• [Your instructions]: The line containing "PROMO FREE ONGKIR", and every line after it to the end of the listing, should be repeated exactly; the pictures should not.

• [Recorded information]:
┏━━

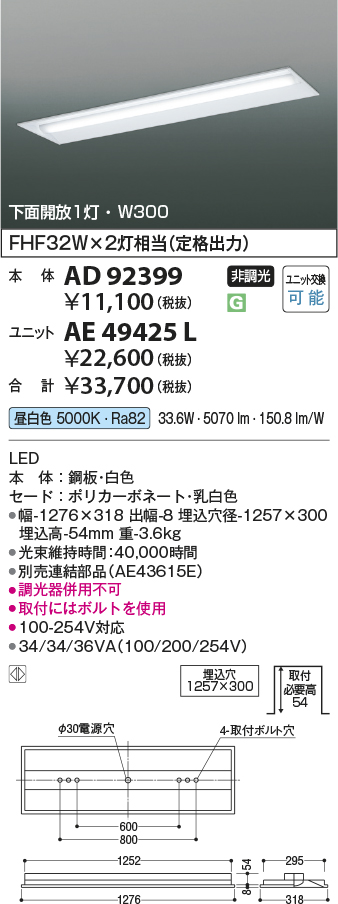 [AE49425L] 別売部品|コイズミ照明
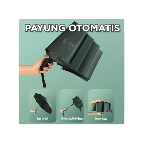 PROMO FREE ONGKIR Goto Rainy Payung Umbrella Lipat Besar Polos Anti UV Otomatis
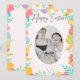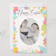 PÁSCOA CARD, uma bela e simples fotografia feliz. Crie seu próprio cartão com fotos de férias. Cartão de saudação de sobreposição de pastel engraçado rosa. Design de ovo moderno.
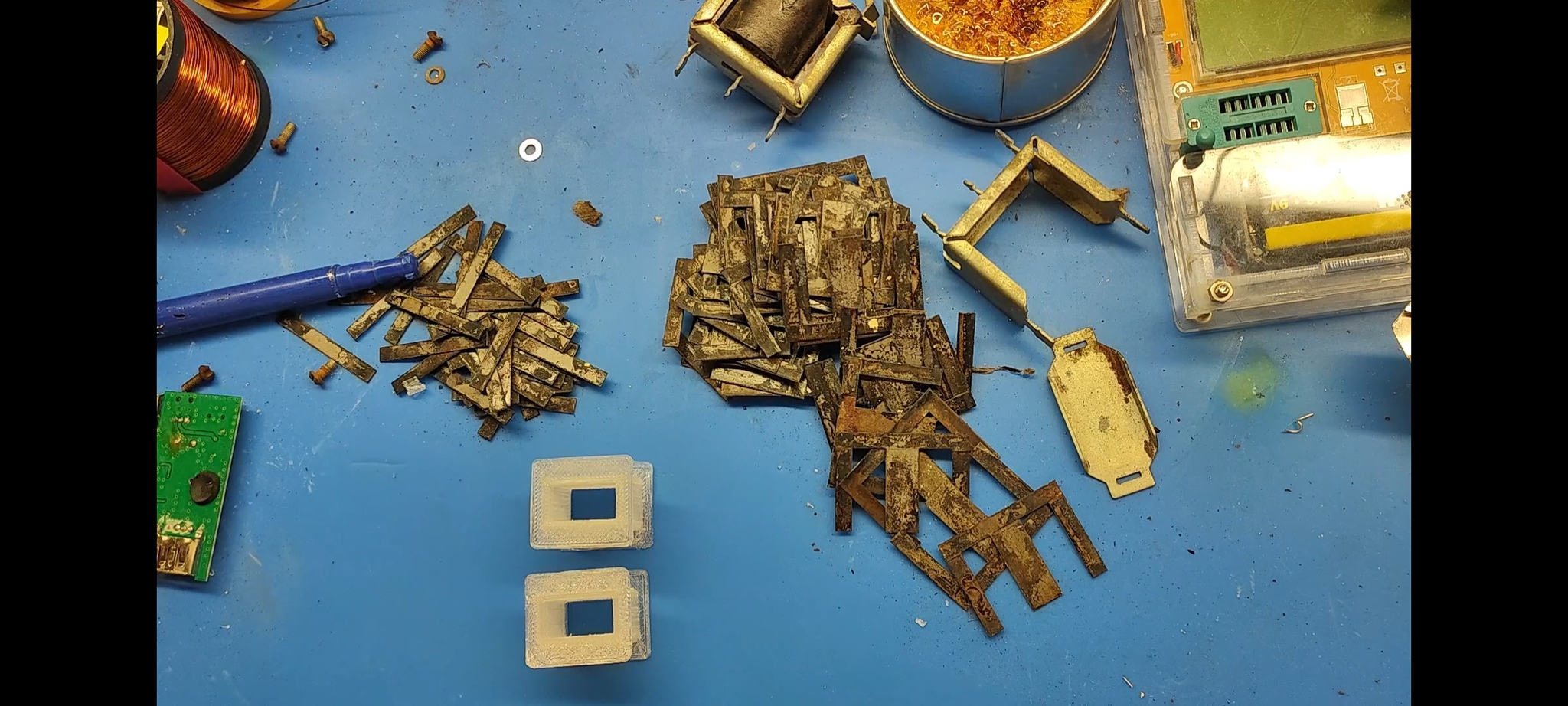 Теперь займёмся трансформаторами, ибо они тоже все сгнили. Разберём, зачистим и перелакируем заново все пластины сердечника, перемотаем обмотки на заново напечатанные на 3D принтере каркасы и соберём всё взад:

┗━━

• [Expected answer]:
 PROMO FREE ONGKIR Goto Rainy Payung Umbrella Lipat Besar Polos Anti UV Otomatis
 PÁSCOA CARD, uma bela e simples fotografia feliz. Crie seu próprio cartão com fotos de férias. Cartão de saudação de sobreposição de pastel engraçado rosa. Design de ovo moderno.
 Теперь займёмся трансформаторами, ибо они тоже все сгнили. Разберём, зачистим и перелакируем заново все пластины сердечника, перемотаем обмотки на заново напечатанные на 3D принтере каркасы и соберём всё взад:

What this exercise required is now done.